Sekjen PDIP Hasto Kristiyanto (kiri), Presiden Joko Widodo (Jokowi) saat menyalurkan bansos (tengah), dan Capres nomor urut 1 Anies Baswedan (kanan). Sejumlah pihak mengkritik Jokowi yang dinilai gencar menyalurkan bansos jelang Pemilu 2024. (Kolase Tribunnews.com)

Kritik Kalangan Akademisi

Diketahui kritikan terhadap Jokowo awalnya datang dari kalangan akademisi Universitas Gadjah Mada (UGM).

Awalnya sivitas akademika UGM yang terdiri dari guru besar, dosen, mahasiswa, serta alumni menyampaikan petisi Bulaksumur.
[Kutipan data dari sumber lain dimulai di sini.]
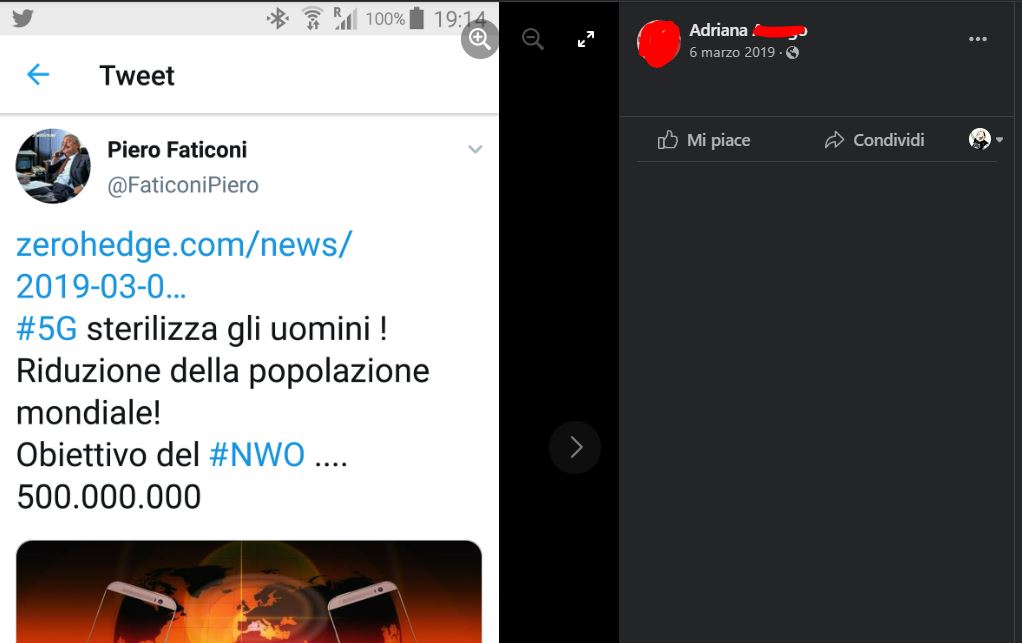 Nei post di Adriana ho trovato tonnellate di immagini che noi o i nostri colleghi abbiamo trattato negli anni, ma Adriana non legge i fact-checker (che nella sua bolla sono l’equivalente più o meno del male assoluto), lei segue OPPT, il Greg, Silver, ByoBlu, Meluzzi, mi ha fatto impressione rendermi conto che quasi non si fila giornalisti della notorietà di Porro e Paragone, rispetto a quanti altri assoluti sconosciuti da social screenshotta e condivide.

Petisi tersebut dibacakan oleh Prof Koentjoro sebagai perwakilan sivitas akademika UGM di Balairung UGM, Sleman, Daerah Istimewa Yogyakarta (DIY) pada Rabu (31/1/2024).

Petisi tersebut dikeluarkan karena para akademisi UGM merasa prihatin dengan tindakan sejumlah penyelenggara negara selama dipimpin Joko Widodo di berbagai lini yang dinilai menyimpang dari prinsip-prinsip moral, demokrasi, kerakyatan, serta keadilan sosial.

Melalui petisi tersebut, sivitas akademika UGM, mendesak dan menuntut segenap aparat penegak hukum dan semua pejabat negara dan aktor politik yang berada di belakang Presiden Jokowi, termasuk Presiden sendiri untuk segera kembali ke koridor demokrasi serta mengedepankan nilai-nilai kerakyatan dan keadilan sosial.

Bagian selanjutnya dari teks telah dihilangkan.